In the case of actual data stored daily in your model, you can take
advantage of Power Pivot's built in time intelligence to calculate "to-
date" aggregations for week, month, quarter, and year as well as do
same-period-last-year comparisons.




In this schema diagram notice how each business unit budget table
on the left is related to the three dimension or lookup tables on the
right. If you add another business unit, its budget table must have
similar relationships added resulting in a little extra, one-time
maintenance.







Time Intelligence

Here is the Excel-side PlanningMonths table
and the corresponding Power Pivot-side
table. Like the budget tables, the latter also
has a Month Key calculated column that I
use to relate the tables together.
It is also used to specify that months are
sorted chronologically and not alphabetically.
You can see the DAX formula used to create
the key which is a 6-digit integer
representing YYYYMM.














Having a table with columns for months quarters
and years allow you to take advantage of Power
Pivot's multi-level hierarchies as shown here in the
Y-Q-M hierarchy.
In this case the name of the level, Quarter say, is
the same as the field (Quarter) but need not be:
I'll talk about combining budget data with actual
and computing variances in in Part 5 of this series.




Meanwhile here is a very simple PivotTable sourced from the budget
data of the two business units:



Part 6-Comparing Budget Data with
Actuals
In this
example, I
have added a
(linked) table
of daily
actual data.
As already
mentioned,
actual data is
commonly more detailed than budget. In this case actuals are daily
whereas the budget is monthly. However the chart of accounts (sales,
cost of sales, and overheads) are the same. In reality it is likely that
actuals would be stored in a general/nominal ledger or ERP system by
detailed account code at a minimum.

I have also added a (linked) table for Time that has days as its most
detailed level.

In the new Powerpivot Database Schema Notice that the Actuals
table has relationships to the Business Unit and Planning
ChartOfAccounts tables (just as the Budget tables do); instead of
being directly related to the PlanningMonth table

Actuals is also related to the Time table at the daily level using
a Time Key field (more on this shortly). Comparing Actual and
Budget is only meaningful at the month level (or quarter or year)
since there is no budget data at the daily level.

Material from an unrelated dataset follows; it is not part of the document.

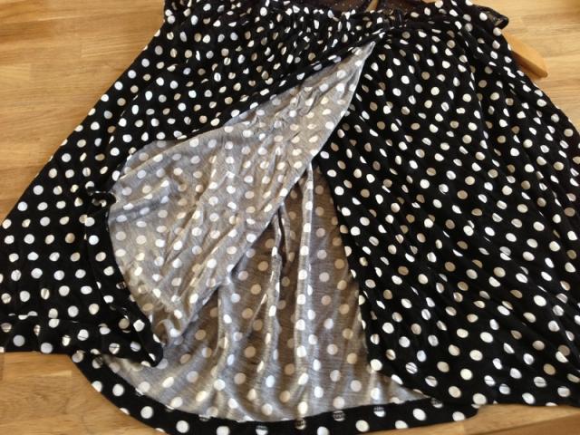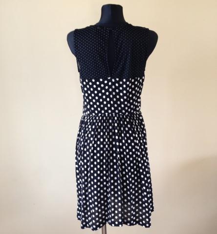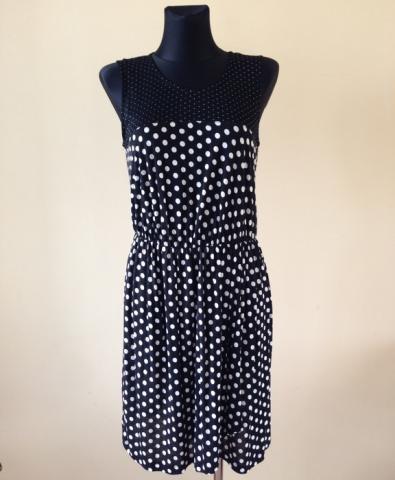 *dydis: 42/14; *klasikinė taškuota suknelė; *juosmuo su guma; *smagus audinys ir modelis; *sijonas tarsi susiaučiamas; *ilgis nuo juosmens: 50cm; *bendras ilgis: 95cm; *vilkėta vieną kartą; Sudėtis: 100% viskozė; tiulis: 100% poliesteris;

To allow side-by-side Actual vs Budget comparisons you must link the
lowest common time level (month) in the Time table to the
corresponding level in the PlanningMonths table.



When creating relationships to a date-related table with day-level
detail, I like to use key fields that are Calculated Columns (Calculated
Fields in 2013 parlance) that contain integers. The DAX functions are
almost identical to the Excel functions. In this model:
Time Key
=YEAR([Day])*10000+MONTH([Day])*100+DAY([Day])
I use a similar function for the Month Key that relates the Time table
to the PlanningMonths table, except that I do this in the Excel table:
Month Key
=YEAR(DATEVALUE([Month]))*100+MONTH(DATEVALUE([Mo
nth]))
The reason for this is I like to use this key as a Sort By column in
Power Pivot. If I create this function in DAX, Power Pivot complains of
a circular reference (to the effect that I am trying to sort the source
data column (Month) by the results of a function on that column).

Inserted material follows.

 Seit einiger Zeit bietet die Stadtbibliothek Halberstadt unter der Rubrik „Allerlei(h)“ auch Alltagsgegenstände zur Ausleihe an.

Excel can handle this but Power Pivot for some reason cannot. So for
date 02/17/2014 the Time Key is the integer 20140217 and the
Month Key would be 201402. Integers are good for creating
relationships between tables because they can result in faster
queries, typically more noticable with larger tables.

So here is an example of a PivotTable that compares Actual (Sales,
Cost of Sales, and Overheads) to Budget for any time period in the
year/quarter/month (Y-Q-M hierarchy) and for either business unit or
both (Ctrl-click on both Lizzie's and Elizabethan slicer buttons). I also
added some quick-and-dirty conditional formatting. If you want more
precise formatting and report placement you can convert the
PivotTable to a cube formula report (PivotTable Tools - Options tab
(Analysis tab in Excel 2013) click OLAP Tools - Convert to Formulas).